Let me tell you why I ask.
My husband and I are both JW's. He was born in and I started studying when I was 14. It took me like 7 or more years to finally get baptized. I had my doubts about the "truth" but I figured since my hubbie had gotten baptized that I should follow suit. Don't get me wrong I really did have spurts well I believed it was the truth but it would last.
I am trying to do a subtle fade but my hubbie is so suspicious of me. Every time I try to stay home from a meeting or from field service he gets really upset. It ends up in an argument of the "truth" is the "truth” and if I (IW) can't see that then there must be something wrong with me!"
I don't want to argue about whether the religion is right or wrong. I just want to stay home! I just want to fade away!
So today I thought to myself "how would the wife of with an unbelieving mate react?" "If I reacted to my husbands "persecution" of me not going to the meetings (and out in service) like a "good Christian wife" would react to her unbelieving mates "persecution" for going to meetings. Then maybe my hubbie wouldn't have anything to hold against me."

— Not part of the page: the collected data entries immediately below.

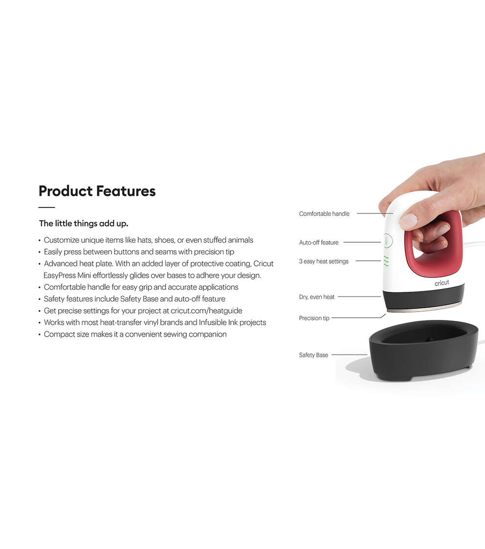 Bring on the ususual objects and improbable projects. Now you can get professional heat-transfer results with Cricut EasyPress Mini! Whether it’s a shapely object or an extra-small and unique project, including baby shoes, hats, stuffed animals, and more, you’ll have what it takes to make a successful heat transfer. The design is compact and thoughtful, so you can easily curve with contours, get between buttons, and even squeeze into seams. Three heat settings are all you need for every heat-transfer project, including Infusible Ink transfers when used on a compatible blank. An insulated base and an auto-shutoff feature are safety features you’ll love. Plus it’s lightweight, portable, and easy to store. Works with major brands of HTV, iron-on, and the entire Infusible Ink family of products. It’s a perfect complement to any Cricut cutting machine.
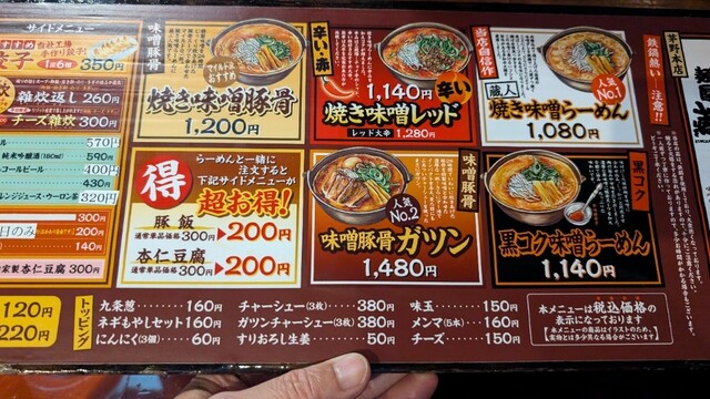 メニューは、味噌焼き、白味噌、とんこつ味噌等などメニューはたくさんです。
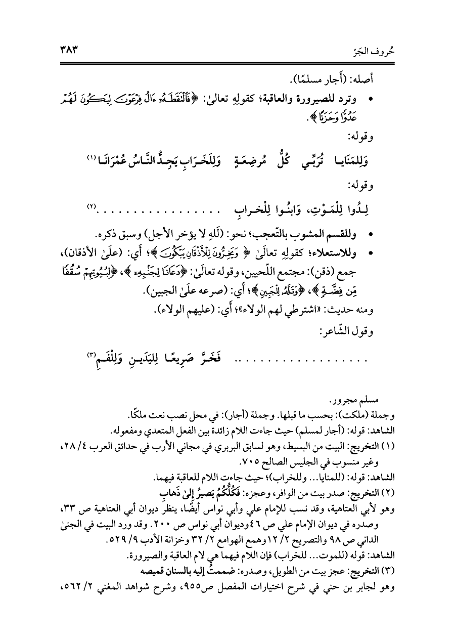 الشاهد: قوله: (أجار لمسلم) حيث جاءت اللام زائدة بين الفعل المتعدي ومفعوله.
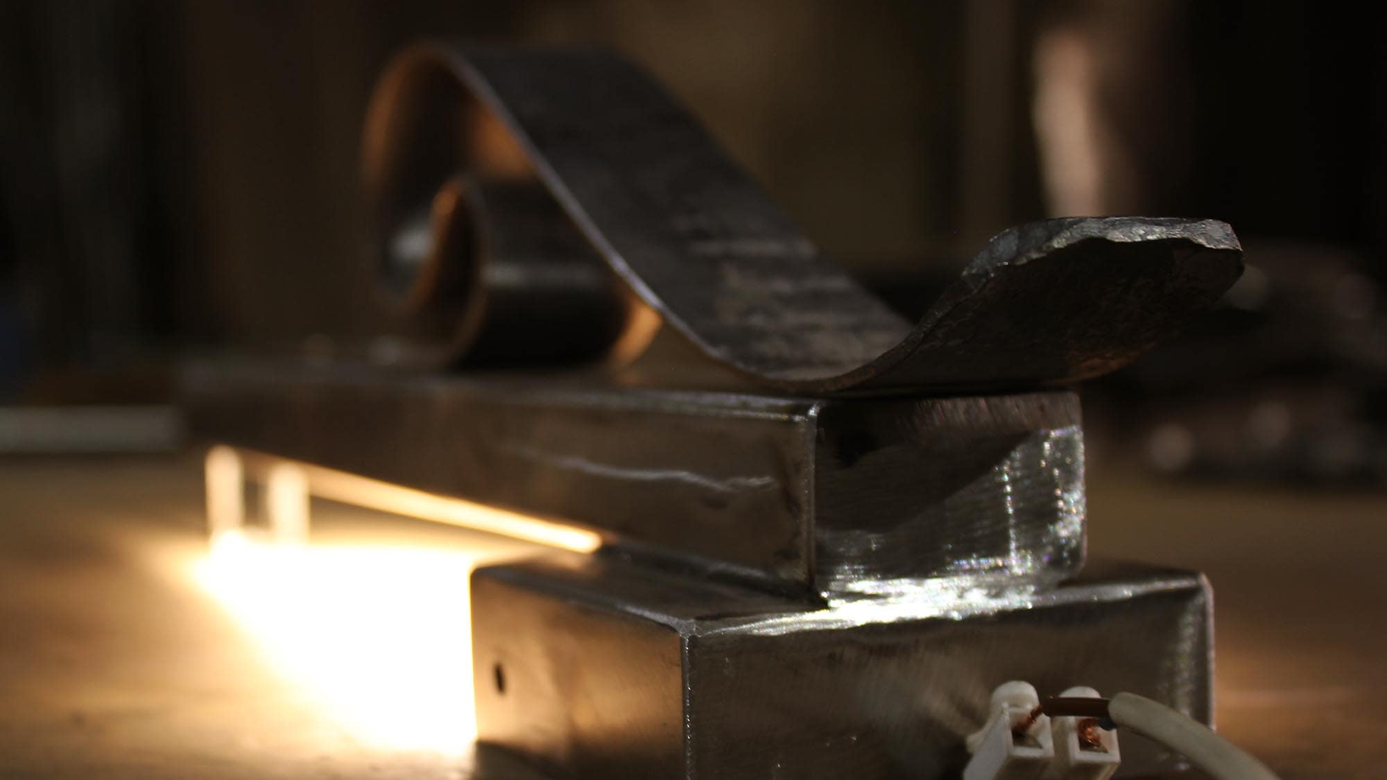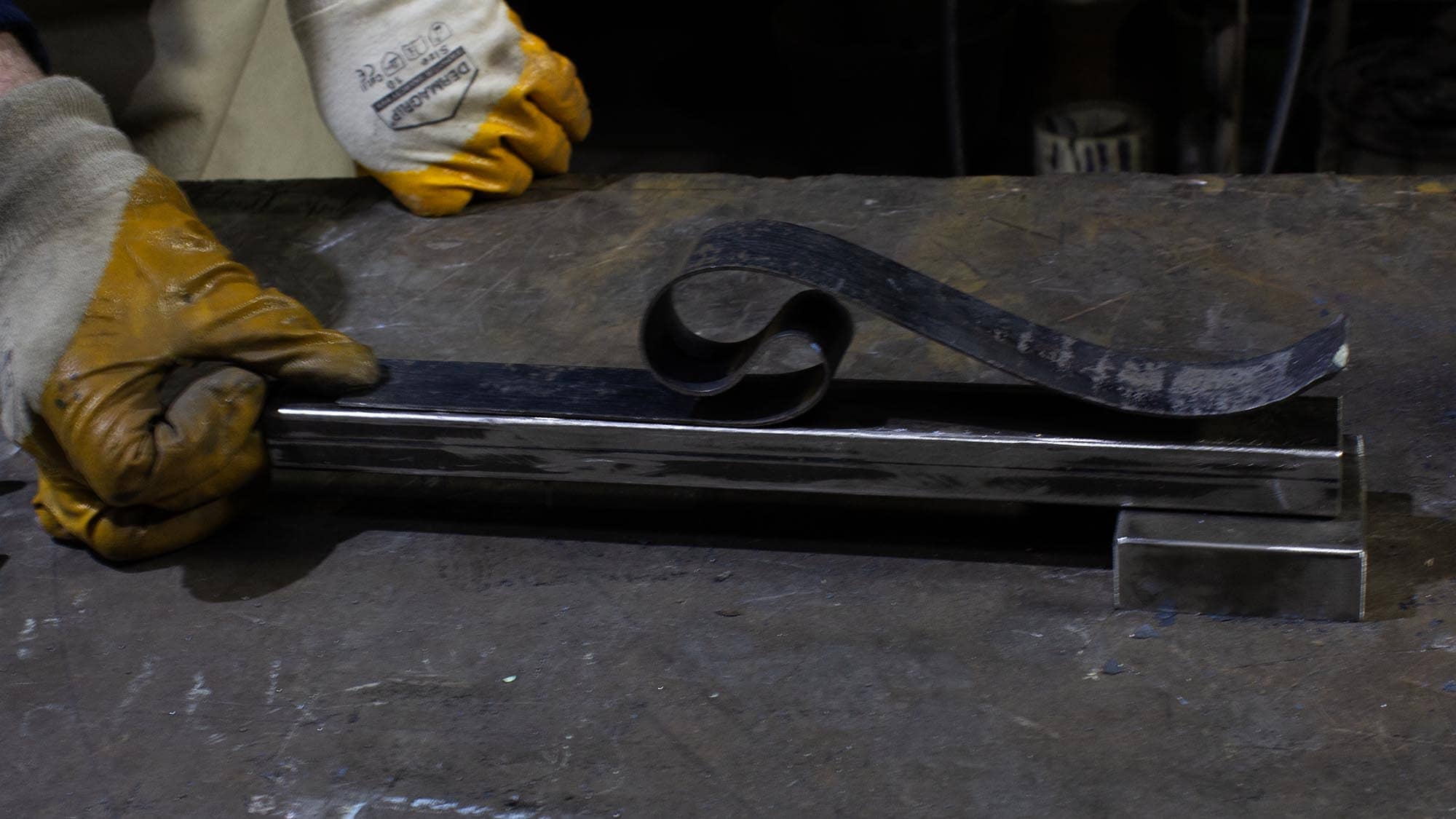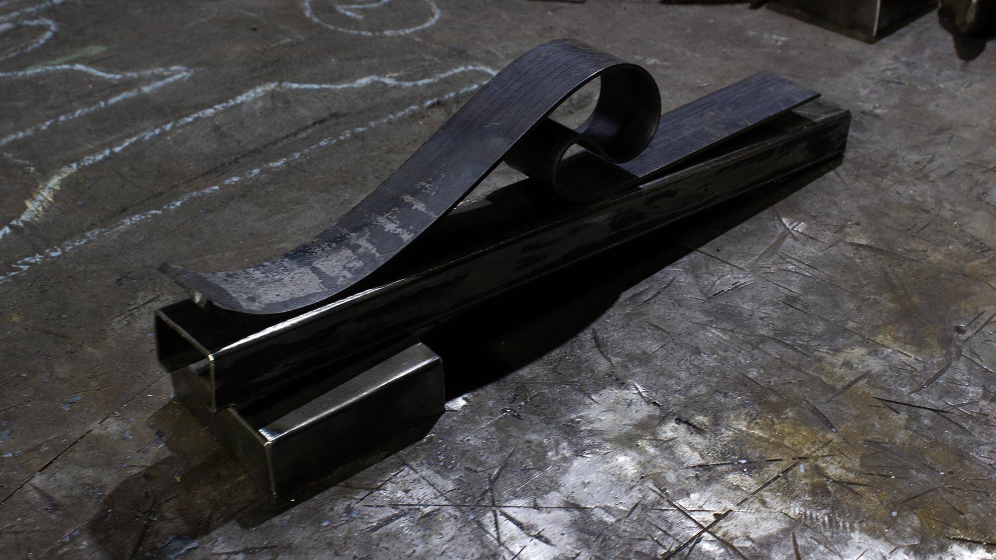 The elegant curve of the metal strip resembles a whip writhing in the air

Am I being totally ridiculous? I want an honest answer, PLEASE!!
I really just want a non-defensive way of dealing with this. I don't know how to do that! When he lets into me I instantly want to tell him how the "truth" is a big joke and that I don't want to be apart of the Watchtowers mind control! If I react that way however it only makes things worse! He then accuses me of not being "spiritual" and that I am acting "worldly". I don't want to give him any reason to think that way. Is that even possible for me to do?
I hope this makes sense. Thanks for listening.